Working on subquery optimizations, got an idea how to speed up join execution a little. Read on.
Consider a query:
select * from t1, t2, t3 where t3.key=t1.col1 and t2.key=t1.col2
Suppose the join order is t1, t2, t3, i.e. the EXPLAIN is like
+-------+------+---------------+------+---------+--------------+-.. | table | type | possible_keys | key | key_len | ref | +-------+------+---------------+------+---------+--------------+-.. | t1 | ALL | NULL | NULL | NULL | NULL | | t2 | ref | key | key | 5 | test.t1.col1 | | t3 | ref | key | key | 5 | test.t1.col2 | +-------+------+---------------+------+---------+--------------+-..
The important property is that access to t3 is independent of access to t2. MySQL’s nested loops join algorithm will run this as in this swimlane diagram:
Here we assume that
- table t2 has 4 rows such that t2.key=t1.col1
- table t3 doesn’t have any rows such that t3.key=t1.col2
As soon as we make first index lookup in table t3 (the one with blue border), we see that there will be no matching row combinations for this row of t1. Nevertheless, MySQL executioner will proceed to examine different rows in table t2 (marked with red border). This is redundant and can be easily avoided.
The executioner part is easy: just maked the nested-loops join code to “jump back” in the cases like the illustrated. If we don’t find a match and table access/selection condition does not depend on the preceding table(s), then go back to the last table that the table access depends on. I don’t have the ready term for this, the working name is “short-cutting”.
The optimizer part is (as usual) more complicated. One way is to take the easy route: let the join optimizer (the part of code that chooses the join order) remain unaware of the short-cutting. Once the join order is produced, set up the executioner to perform short-cutting where appopriate.
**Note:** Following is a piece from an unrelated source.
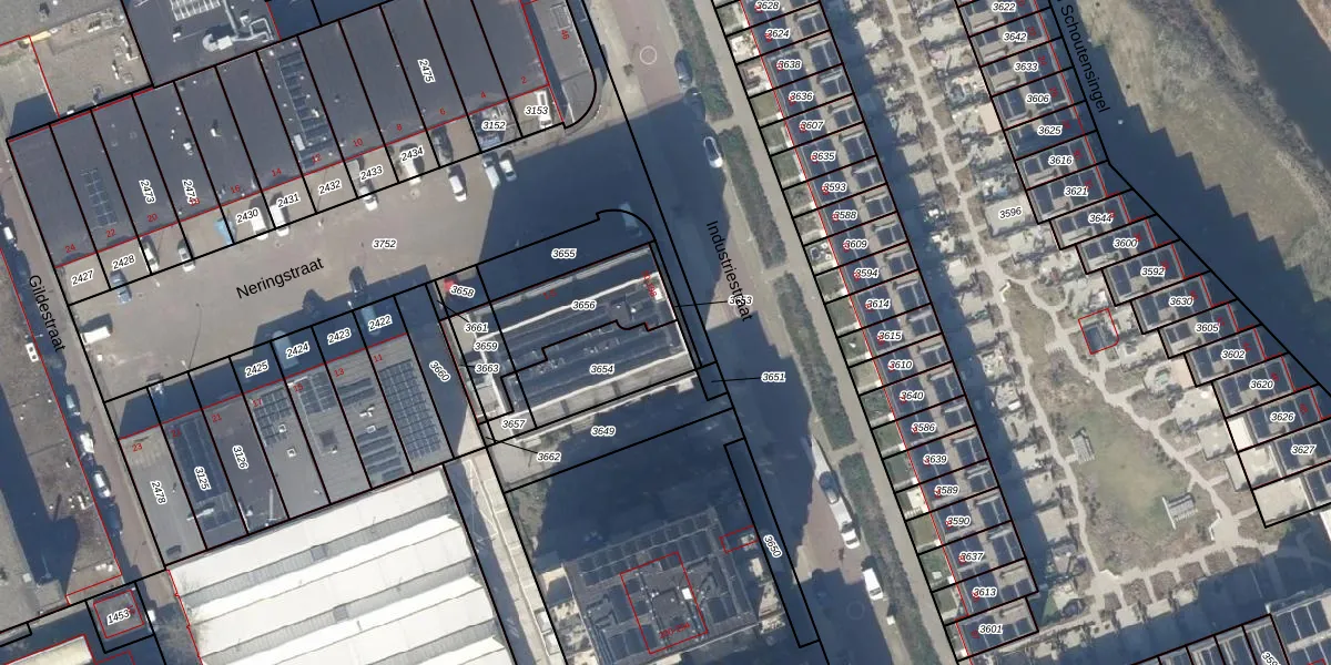 Industriestraat 64 is gelegen op kadastraal perceel DEL00O3654. Deze kadastrale aanduiding is uniek en wordt gebruikt door het Kadaster om eigendomsrechten en andere zakelijke rechten vast te leggen. Het perceel maakt onderdeel uit van de kadastrale gemeente Delft.

The bad part is that join optimizer doesn’t account for short-cutting when comparing costs of various join orders, which may lead it to choose non-optimal join orders. However, taking short-cutting into account won’t be easy:
- First, we’ll need to generate selection conditions for the join orders we consider (in other words, figure out if the EXPLAIN will have “Using WHERE”). Our current way of doing this will probably be too expensive to be done for each considered join order.
- Second, we’ll need to get somewhere an estimate of how often short-cutting will occur. That is, we’ll need to know probability that for some *arbitrary* values of columns from preceding tables, table T will have no rows that would satisfy given condition COND(preceding_tables, T). This estimate is likely to end up being some while guess like “lets use
At the moment the easy route seems like the way to go.
2007-02-11: Fixed typos in EXPLAIN ouput
Perhaps another way to think of it is “pruning the execution tree” if you think of the nested-loop join as a depth-first search.
Maybe, I’m not a terminology guru. Thanks for feedback, I’ll keep the “pruning the execution tree” option for the time we’ll be settling with which terms to use.
Can you show us the optimised version of the initial SQL or does “The executioner part is easy: just maked the nested-loops join code to ‘jump back'” explain it and I just need to learn what the ‘executioner’ is?
Once you should look at WL#358 too. I think it’s an idea to speed up things too, and help client application developers. (My idea.)